文化人ぶりたくて書いているというよりも、私は、太田光はこういうことを「思わず書いてしまう」「書かずにはいられない」性分なのではないかと思う。そして、前書きやあとがきで妙に居心地悪そうに言い訳を繰り返していることからみて、本人自身、そういう性分をもてあましているところがあるんじゃないかと思う。大いなる自意識と自尊心、それに伴う照れや羞恥心。そういうところが好きだし、彼の考え方は、一市民としてとてもまっとうだと思う。

たとえば。イラクで3人の日本人が人質になり、のちに解放された事件。「自己責任」という言葉があちこちで唱えられ、人質の家族には批判や嫌がらせが集中した。

家族は記者会見でしきりと謝罪をしていた。皆さんに迷惑をかけてすみませんというわけだ。それを見ていて私は、果たして家族がそこまで謝罪する必要があるのだろうかと疑問を感じていた。
自衛隊の撤退が人質解放の条件であるならば、それを国家に要求することは家族として当然の行為ではないのか。国家がその国民を守るのは当然の義務である。家族が人質の救済を国に求めることの何がいけないというのか。(中略)
今回それほど急いで犯人の要求を拒否してみせたのは、そういった日本の姿勢をアメリカや国際社会にアピールするためである。「今自衛隊が退いたら日本は世界中の笑いものになる」と言った政治家がいた。それが政府の正直な意見だろう。優先順位としては、日本が国際的な信頼を得ることが、人質の生命よりも先に来るのだ。
国際的な信頼を得ることと、人間の命とどっちが大切なのか。私が人質の家族だったらそう言って泣き叫んだことだろう。世界の笑いものになることが何だというのか。国民の命を救うためなら喜んで笑いものになることを選ぶのが国家ではないか。

また、その後には、日本人の青年がやはり人質となり、首を切り落とされるという事件があった。

青年の家族が口にした言葉は、まず謝罪と、そして感謝であった。自分の息子を殺されて、何に感謝するというのか。家族にそれを言わせたのは民衆からのバッシングに対する恐怖であり、家族をそこまで追い込んだのは、この国の国民の圧力だ。嫌な国である。
人々は青年の死を“自業自得”という一言で片付けた。生きたまま首を狩られるほどの“業”が青年にあったのか。
世論を先導したのはマスコミである。
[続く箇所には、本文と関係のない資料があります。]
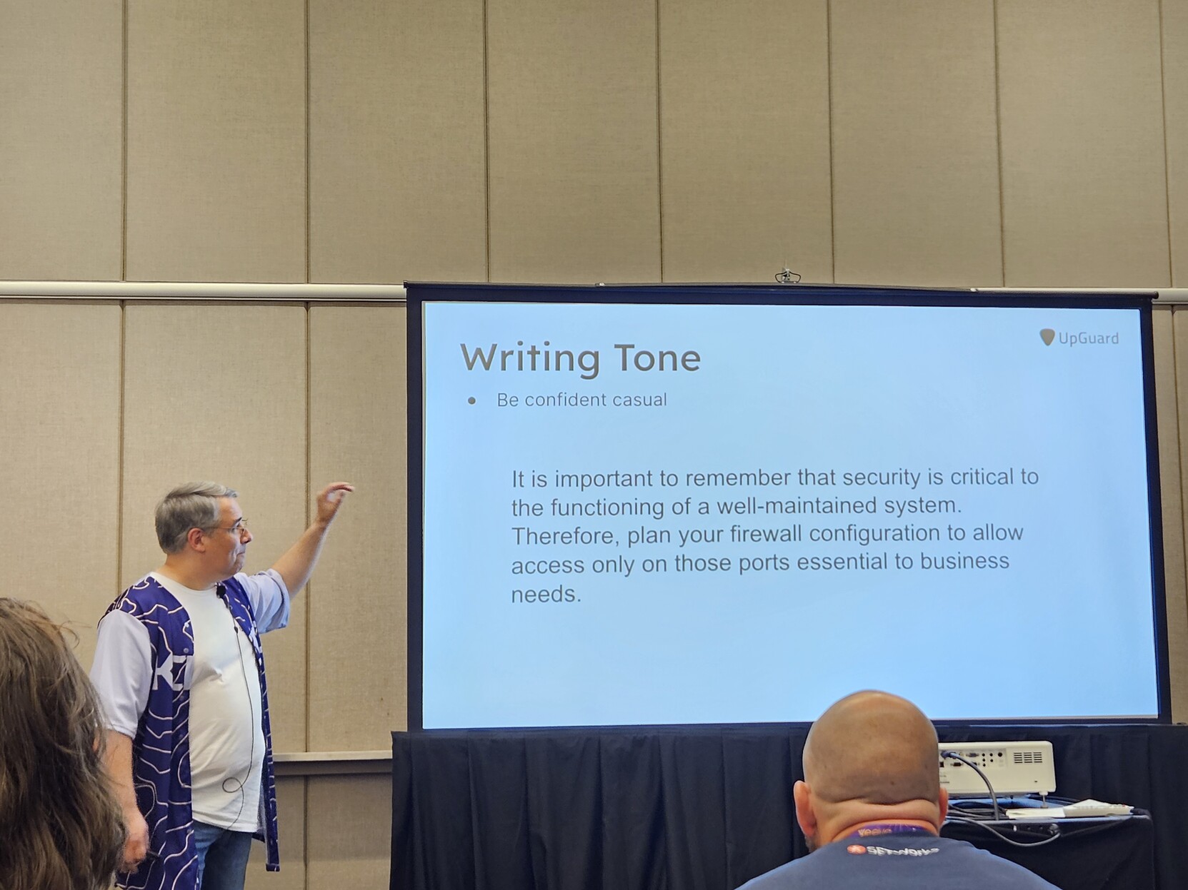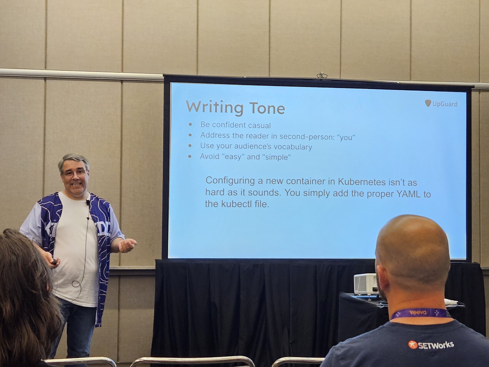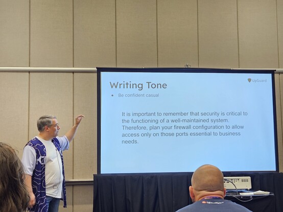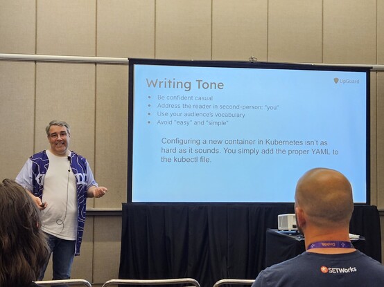 Use "confident casual" as your documentation tone. 1:1, as if you were talking to a smart junior colleague who's smart, motivated, and just needs to know how to do the thing. You don't need to pretend you're in a lecture hall and attempt to use words to burnish your authority. You already have the authority; you wrote the docs. And no "we"; you as the author aren't adding a user to the database or configuring the server. - @bmac #kcdc

犯行声明が出されたとき、全ての新聞が判で押したように胸を張って謳ったのは“テロに屈しない”という言葉だ。バカの一つ覚えである。毅然として勇気ある言葉。唱えるうちに気持ちよくなってくるのがわかる。しかしこの言葉、言った途端に思考停止する言葉である。対応策は“テロに屈しない”ただそれだけ。テロの意味もその背景も考えない。とりあえず言っとけば体裁が整う言葉である。